**Stored entries:**

····················

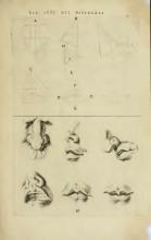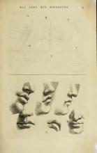The text is titled "The Art of Drawing" and includes labeled diagrams and illustrations. The drawings provide guidance on creating facial features, including the nose and mouth. The content is likely instructional, aimed at teaching artistic techniques for rendering human expressions. |
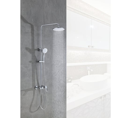 Душевая система с верхним душем и ручной лейкой в хромированном глянцевом исполнении создаёт современный акцент в ванной комнате и обеспечивает комфортное водоснабжение без лишних деталей. Компактная конструкция без излива подходит для душевых кабин и зон, где важны эргономика и аккуратный внешний вид.
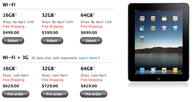 Son olarak, henüz Türkiye için satış tarihi ve fiyatlar konusunda bir gelişme olmasa da, iPad’in ABD için açıklanan satış fiyatlarını hatırlatalım. iPad’in 2 farklı modeli bulunuyor: Sadece WiFi destekleyen ve WiFi + 3G destekleyen model. Şu anda sadece WiFi destekli modelin satışı gerçekleşiyor, ancak Nisan sonunda WiFi + 3G destekleyen cihaz da piyasada olacak. Bu iki model de 3 farklı kapasite ile piyasada olacak: 16GB, 32GB ve 64GB. Bu modellerin listesini ve ABD için fiyatlarını aşağıda bulabilirsiniz.
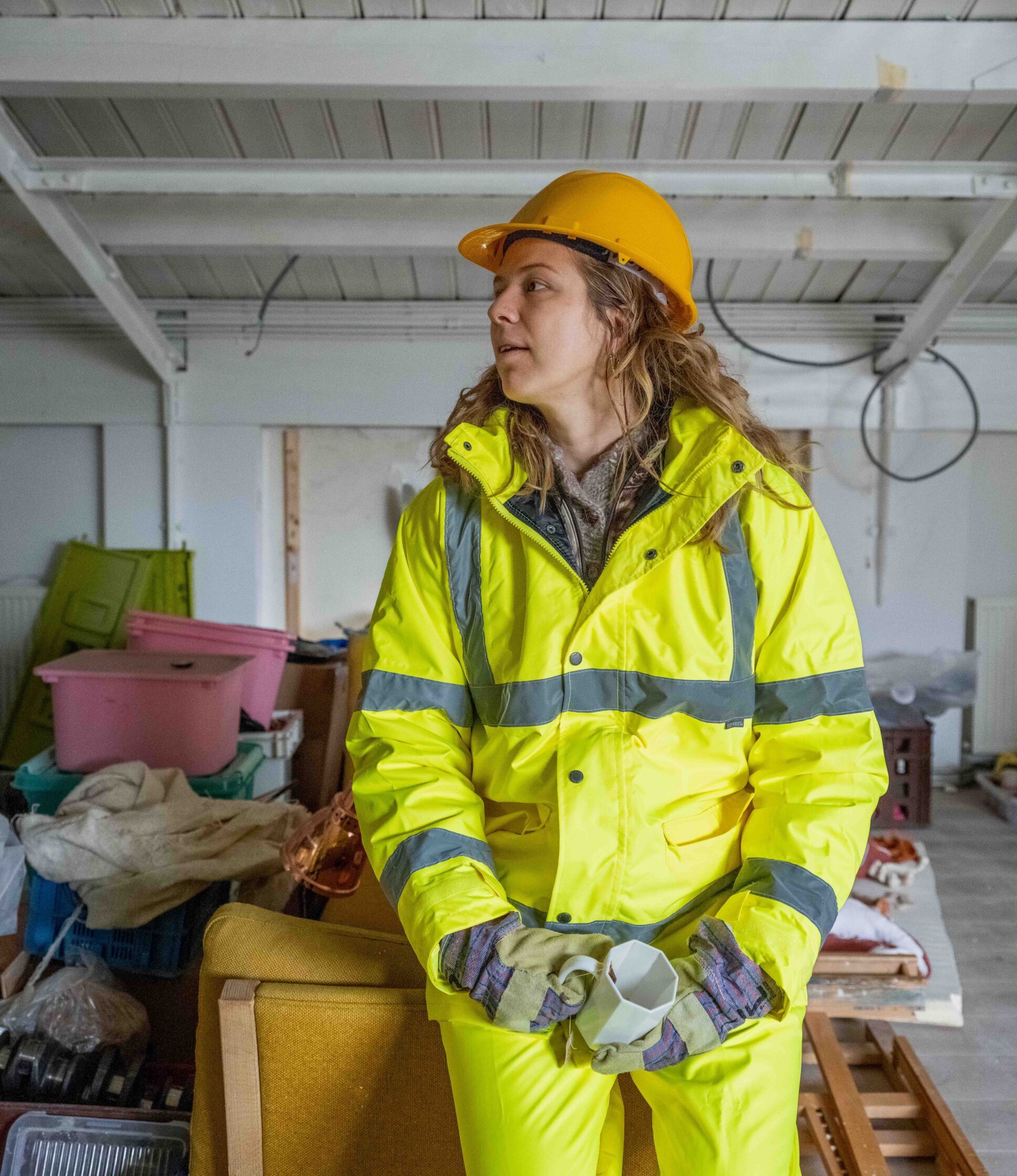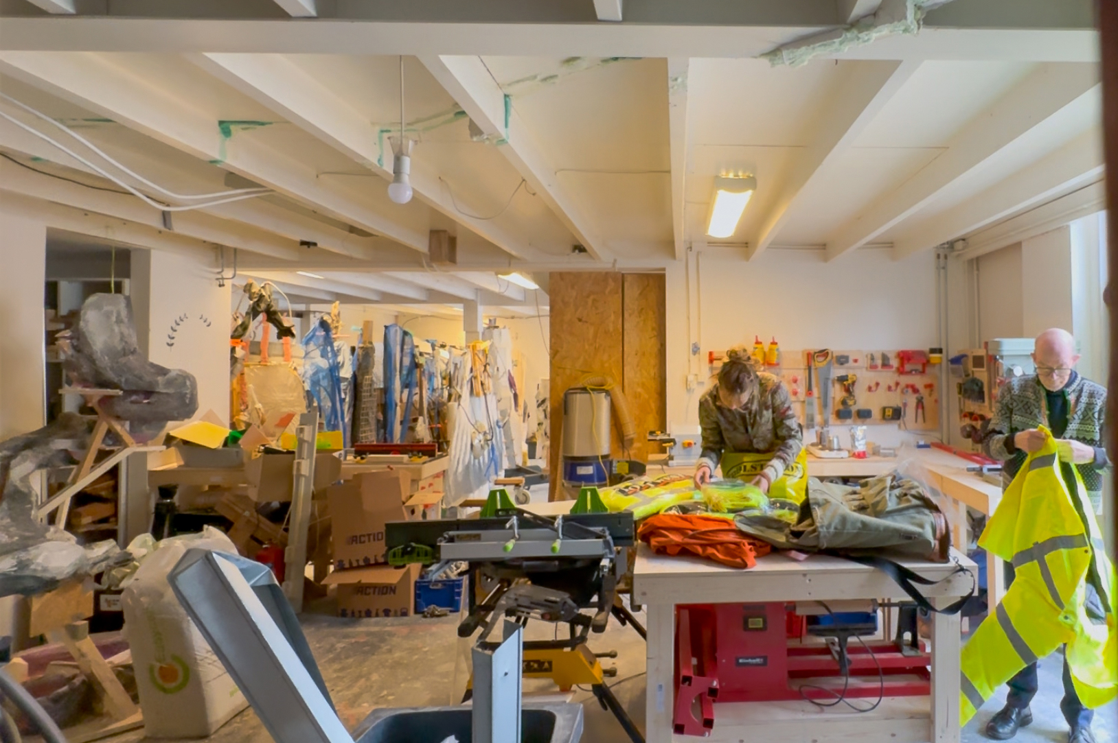 Dat heeft te maken dat ik me steeds meer presenteer in werkkleding. Ik vind het leuk om kleding vanuit een ander werkveld te dragen, bijvoorbeeld van vuilnismannen omdat ik daar ook een project mee heb gedaan, maar ook omdat het deel uitmaakt van het dagelijks leven. Als kunstenaar loopt privé en zakelijk altijd door elkaar, en er is geen werkpak om het verschil duidelijk te maken, je werkt dus altijd. Daarom vind ik het dragen van werkpakken noodzakelijk. Voor de foto hebben mijn mentor en ik werkpakken aangetrokken en ook de fotograaf moest meedoen om hem onderdeel van het geheel te maken en ook zichtbaar te laten zijn in het werkproces. Ik wil ook zo’n situatie als een foto of een interview niet voor lief nemen, daar denk ik dan over na en ook wat mijn mogelijkheden zijn. Waarom doe ik dit, wat is de intentie en dan beslis ik wat mijn houding hierin is.
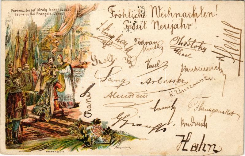 1896 (Vorläufer) Ferenc József király koronázása. Ezredéves Kiállítás / Coronation ceremony of Franz Joseph. barna 2 Kr Ga. litho s: Cserna K.
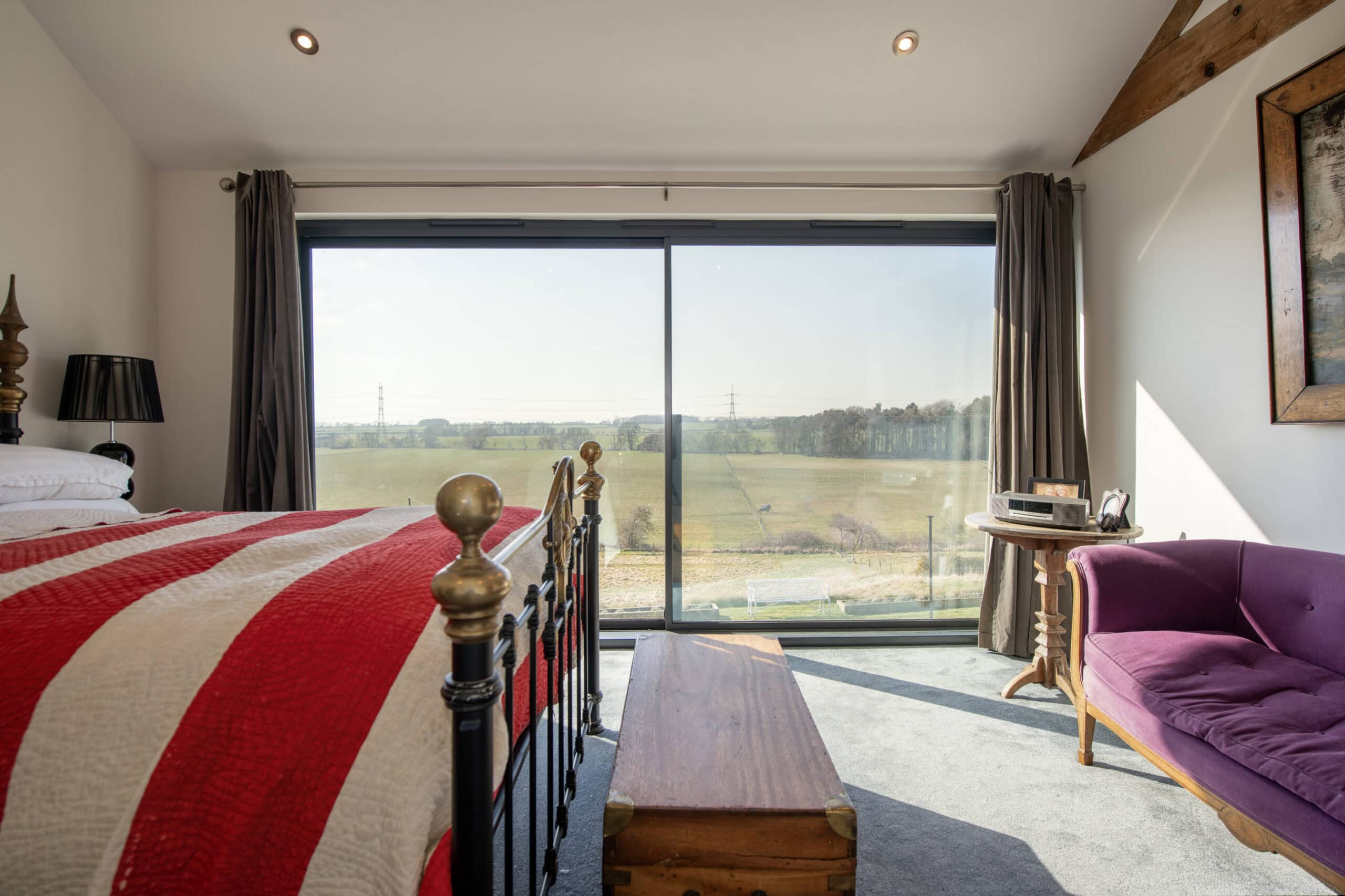 With views this stunning and no concerns about privacy, why not replicate the downstairs design and utilise sliding doors upstairs also? An external Juliet balcony ensures that each room is safe when the doors are open and the incorporation of three large trickle vents above each door will ensure that there is adequate ventilation in the room even through the night when the occupants are sleeping. The results match the downstairs space, with a slender 25mm separating two large panes of glass to fully take advantage the gorgeous views.
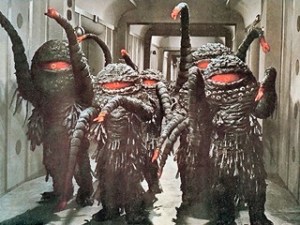 Recently, I attended a fun and nostalgic cinematic treat. I live in a college town in Kansas, where the opportunities for enjoying classic cinema in a public venue are not exactly frequent. Kansas Public Radio’s Retro Cocktail Hour hosted a duo of drive-in classics for “Killer Blob Night.” (KPR’s Retro Cocktail Hour is a weekly radio show devoted to the Space Age Pop revival genre. Picture a “Mad Men” happy hour soundtrack.) The Double Feature included the oozing, pulsating, flesh-eating Kinji Fukasaku’s THE GREEN SLIME (1968) and Mario Bava’s (uncredited) CALTIKI, THE IMMORTAL MONSTER (1959). The experience that followed was an audience verbally engaged akin to “Mystery Science 3000” with shout-out commentary, laughter and howls at every campy gaffe.
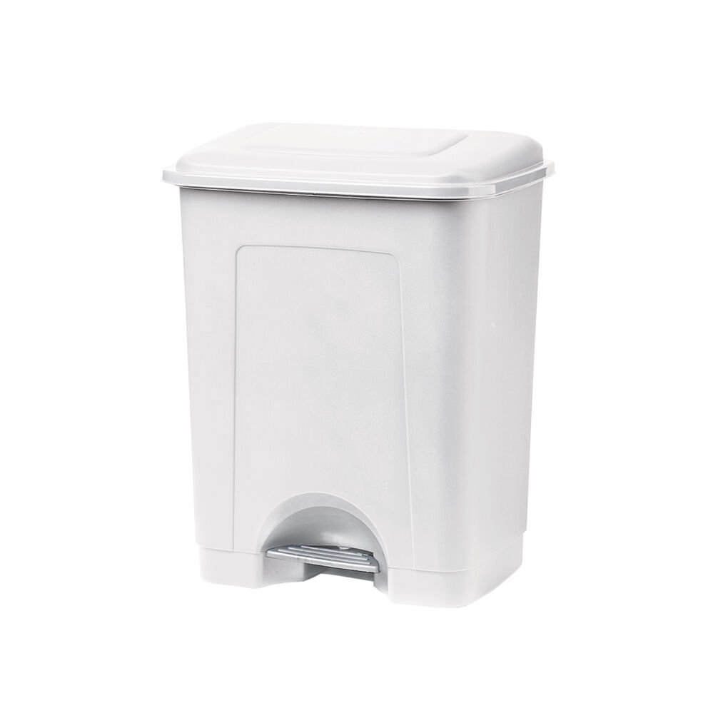 Balde retangular com pedal, fabricado em polipropileno.
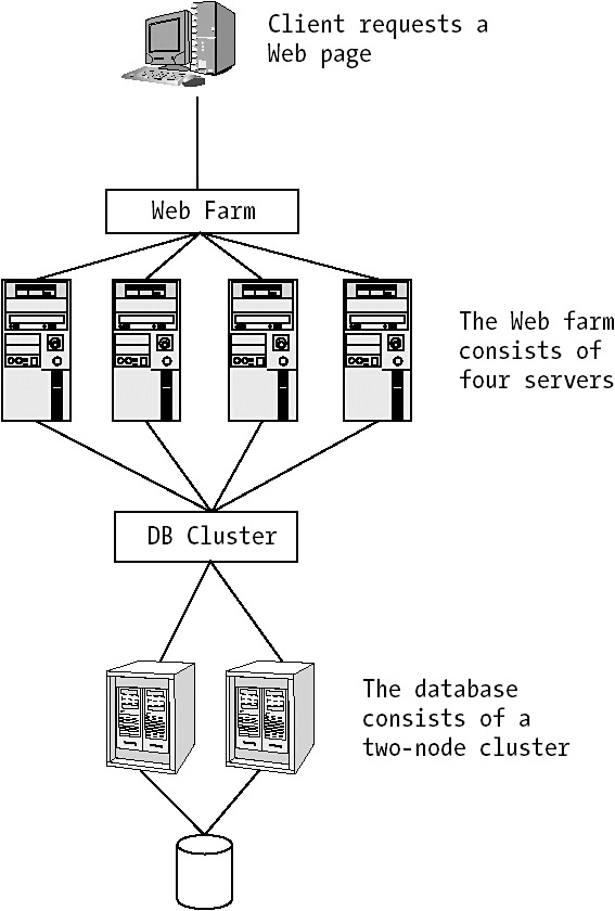 As mentioned earlier, these two technologies can work together. You can deploy NLB across the front-end Web servers and use MSCS at the back end to cluster the SQL Server providing the Web pages with data (see Figure 3-1). This way you make sure that both scalability and availability are as high as possible.
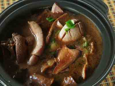 姜、干葱、蒜、葱放入变频万用养生锅爆香,加猪腰、猪肝炒熟备用。
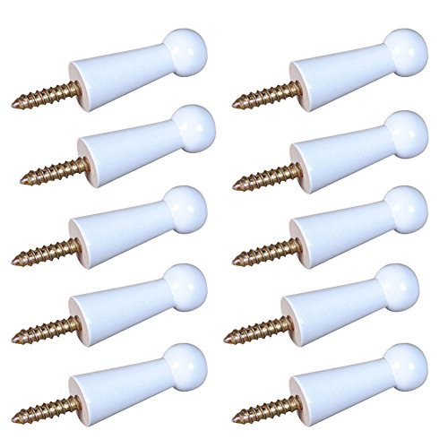 Mike Home Screw-On Solid Wood Hook Coat Hook Towel Hook Shaker Pegs for Bathroom Livingroom Garden 10 Pieces (White Paint)

····················

**Exercise instructions:** Without including any pictures, return every line of the records exactly.

**Exercise output:**
The text is titled "The Art of Drawing" and includes labeled diagrams and illustrations. The drawings provide guidance on creating facial features, including the nose and mouth. The content is likely instructional, aimed at teaching artistic techniques for rendering human expressions. |
 Душевая система с верхним душем и ручной лейкой в хромированном глянцевом исполнении создаёт современный акцент в ванной комнате и обеспечивает комфортное водоснабжение без лишних деталей. Компактная конструкция без излива подходит для душевых кабин и зон, где важны эргономика и аккуратный внешний вид.
 Son olarak, henüz Türkiye için satış tarihi ve fiyatlar konusunda bir gelişme olmasa da, iPad’in ABD için açıklanan satış fiyatlarını hatırlatalım. iPad’in 2 farklı modeli bulunuyor: Sadece WiFi destekleyen ve WiFi + 3G destekleyen model. Şu anda sadece WiFi destekli modelin satışı gerçekleşiyor, ancak Nisan sonunda WiFi + 3G destekleyen cihaz da piyasada olacak. Bu iki model de 3 farklı kapasite ile piyasada olacak: 16GB, 32GB ve 64GB. Bu modellerin listesini ve ABD için fiyatlarını aşağıda bulabilirsiniz.
 Dat heeft te maken dat ik me steeds meer presenteer in werkkleding. Ik vind het leuk om kleding vanuit een ander werkveld te dragen, bijvoorbeeld van vuilnismannen omdat ik daar ook een project mee heb gedaan, maar ook omdat het deel uitmaakt van het dagelijks leven. Als kunstenaar loopt privé en zakelijk altijd door elkaar, en er is geen werkpak om het verschil duidelijk te maken, je werkt dus altijd. Daarom vind ik het dragen van werkpakken noodzakelijk. Voor de foto hebben mijn mentor en ik werkpakken aangetrokken en ook de fotograaf moest meedoen om hem onderdeel van het geheel te maken en ook zichtbaar te laten zijn in het werkproces. Ik wil ook zo’n situatie als een foto of een interview niet voor lief nemen, daar denk ik dan over na en ook wat mijn mogelijkheden zijn. Waarom doe ik dit, wat is de intentie en dan beslis ik wat mijn houding hierin is.
 1896 (Vorläufer) Ferenc József király koronázása. Ezredéves Kiállítás / Coronation ceremony of Franz Joseph. barna 2 Kr Ga. litho s: Cserna K.
 With views this stunning and no concerns about privacy, why not replicate the downstairs design and utilise sliding doors upstairs also? An external Juliet balcony ensures that each room is safe when the doors are open and the incorporation of three large trickle vents above each door will ensure that there is adequate ventilation in the room even through the night when the occupants are sleeping. The results match the downstairs space, with a slender 25mm separating two large panes of glass to fully take advantage the gorgeous views.
 Recently, I attended a fun and nostalgic cinematic treat. I live in a college town in Kansas, where the opportunities for enjoying classic cinema in a public venue are not exactly frequent. Kansas Public Radio’s Retro Cocktail Hour hosted a duo of drive-in classics for “Killer Blob Night.” (KPR’s Retro Cocktail Hour is a weekly radio show devoted to the Space Age Pop revival genre. Picture a “Mad Men” happy hour soundtrack.) The Double Feature included the oozing, pulsating, flesh-eating Kinji Fukasaku’s THE GREEN SLIME (1968) and Mario Bava’s (uncredited) CALTIKI, THE IMMORTAL MONSTER (1959). The experience that followed was an audience verbally engaged akin to “Mystery Science 3000” with shout-out commentary, laughter and howls at every campy gaffe.
 Balde retangular com pedal, fabricado em polipropileno.
 As mentioned earlier, these two technologies can work together. You can deploy NLB across the front-end Web servers and use MSCS at the back end to cluster the SQL Server providing the Web pages with data (see Figure 3-1). This way you make sure that both scalability and availability are as high as possible.
 姜、干葱、蒜、葱放入变频万用养生锅爆香,加猪腰、猪肝炒熟备用。
 Mike Home Screw-On Solid Wood Hook Coat Hook Towel Hook Shaker Pegs for Bathroom Livingroom Garden 10 Pieces (White Paint)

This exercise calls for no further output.